The trace shows how the layered cadence keeps the file count low at every timescale — sub-second through weekly — without paying full-table OPTIMIZE cost every day.

Output:

Time of day	Action	Effect
00:00	nightly OPTIMIZE ZORDER on yesterday	analyst queries fast in morning
06:00	partition-scoped OPTIMIZE	drag from late commits cleared
12:00	partition-scoped OPTIMIZE	clears the morning's micro-batches
18:00	partition-scoped OPTIMIZE	clears the afternoon's micro-batches
02:00 Sun	weekly full OPTIMIZE + VACUUM	catch-up + retention prune

Why this works — concept by concept:

Layered cadence — each layer addresses a different timescale of file accumulation. Auto Compaction handles seconds; partition OPTIMIZE handles hours; Z-Order handles days; full OPTIMIZE handles weeks.
Partition scope — WHERE event_date = … keeps every OPTIMIZE cost-bounded to the hot set. Critical for tables larger than 10 TB.
Z-Order separated from compaction — Z-Order is the expensive rewrite; running it less often (nightly) is fine because the analyst-query SLA is daily, not hourly.
VACUUM coupled to OPTIMIZE — running VACUUM in the same maintenance window as full OPTIMIZE keeps both rebalanced together. Mismatched cadences cause time-travel surprises.
Auto Compaction is the spine — the other layers are optimisations on top. Without Auto Compaction, the steady-state file count explodes between scheduled passes.
Cost — Layer 1 is amortised across writes; Layers 2-3 are partition-bounded (constant); Layer 4 is the only full-table cost (weekly).

Data Engineering
Topic — optimization
File-layout optimization drills

Practice →

5. Production tuning — VACUUM, deletion vectors, liquid clustering

`VACUUM` reclaims tombstoned files after retention; deletion vectors mask deleted rows without rewrites; liquid clustering replaces Z-Order on greenfield tables

The mental model in one line: VACUUM is the only command that physically deletes files from object storage — it can only delete files older than the retention threshold (default 168 hours), and dropping below that floor breaks time-travel and the audit story. Deletion vectors and liquid clustering are the two 2024+ primitives that change how Delta handles row-level deletes and incremental clustering — both should be enabled on every new table.
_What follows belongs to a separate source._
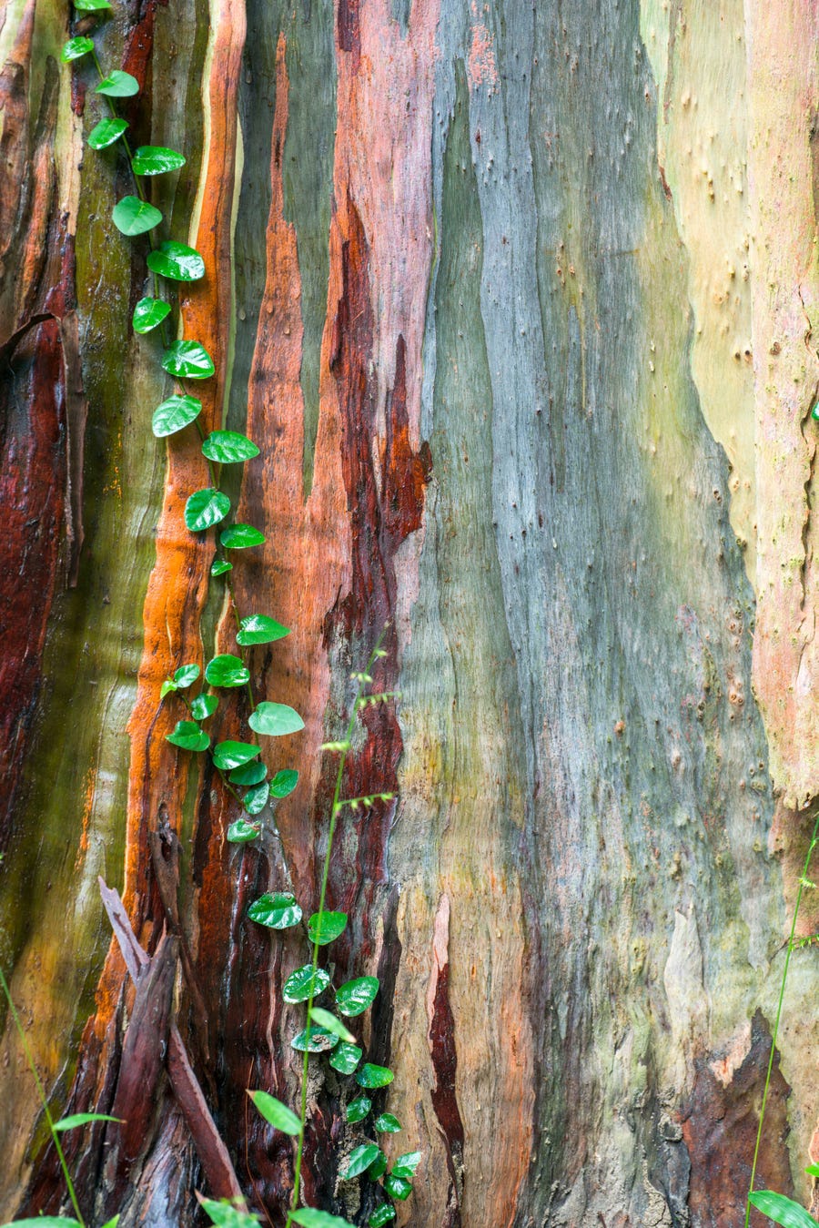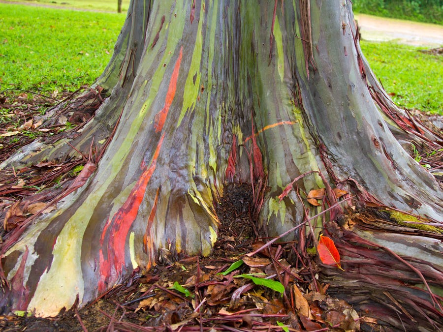 Cây bạch đàn cầu vồng khiến nhiều người vô cùng ngạc nhiên. Sau lớp vỏ xù xì là một dải màu vô cùng bắt mắt. Cây bạch đàn này có thể tìm thấy ở đảo Hawaii và một số nơi ở Mỹ.
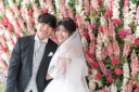 真っ白なカラーウォールはよりおふたりが引き立つように、お揃いポーズで!

The VACUUM file lifecycle.

ACTIVE — referenced by the latest snapshot. Readable by every query. Cannot be deleted.
TOMBSTONED — removed by a commit (DELETE, UPDATE, OPTIMIZE, MERGE), but still physically present on disk. Reachable via time-travel VERSION AS OF until VACUUM reclaims.
RECLAIMED — physically deleted by VACUUM. Unrecoverable. Time-travel to versions referencing the file fails.

Default 168-hour retention.

delta.deletedFileRetentionDuration controls how long tombstoned files persist before VACUUM may reclaim them. Default 168 hours (7 days).
VACUUM refuses to reclaim files newer than this threshold — even if you ask politely.
To override (dangerous): SET spark.databricks.delta.retentionDurationCheck.enabled = false; VACUUM table RETAIN 24 HOURS;. Don't.

Why the floor exists.

Time-travel VERSION AS OF v requires every file referenced at version v to still be on disk. Once VACUUM reclaims those files, time-travel to version v fails.
Audit / regulator requirements often demand at least 7 days of "as-of" history. Setting retention below 7 days violates the audit contract.
Concurrent readers may still be reading a file that a commit just tombstoned. The 7-day floor gives them safe buffer.

Deletion vectors.

A deletion vector is a per-file bitmap that marks rows as deleted without rewriting the file.
Enable: ALTER TABLE … SET TBLPROPERTIES (delta.enableDeletionVectors = true).
A DELETE WHERE id = 17 updates the deletion vector for the affected file — milliseconds instead of minutes of rewrite.
Reads apply the deletion vector at scan time — the row is hidden but the parquet file is untouched.
An OPTIMIZE pass later consolidates by rewriting files with significant deletion vectors into clean files without DVs (configurable threshold).

Liquid clustering.

The 2024+ successor to Z-Order. Maintains clustering incrementally on each write — no full rewrite required.
Greenfield: CREATE TABLE … CLUSTER BY (col1, col2).
Existing table: ALTER TABLE … CLUSTER BY (col1, col2). The next OPTIMIZE pass rewrites files into the new layout.
Liquid clustering does not need partition columns — it replaces both partitioning and Z-Order with a single clustering key. Cleaner mental model.
Up to 4 clustering columns; same ceiling rationale as Z-Order.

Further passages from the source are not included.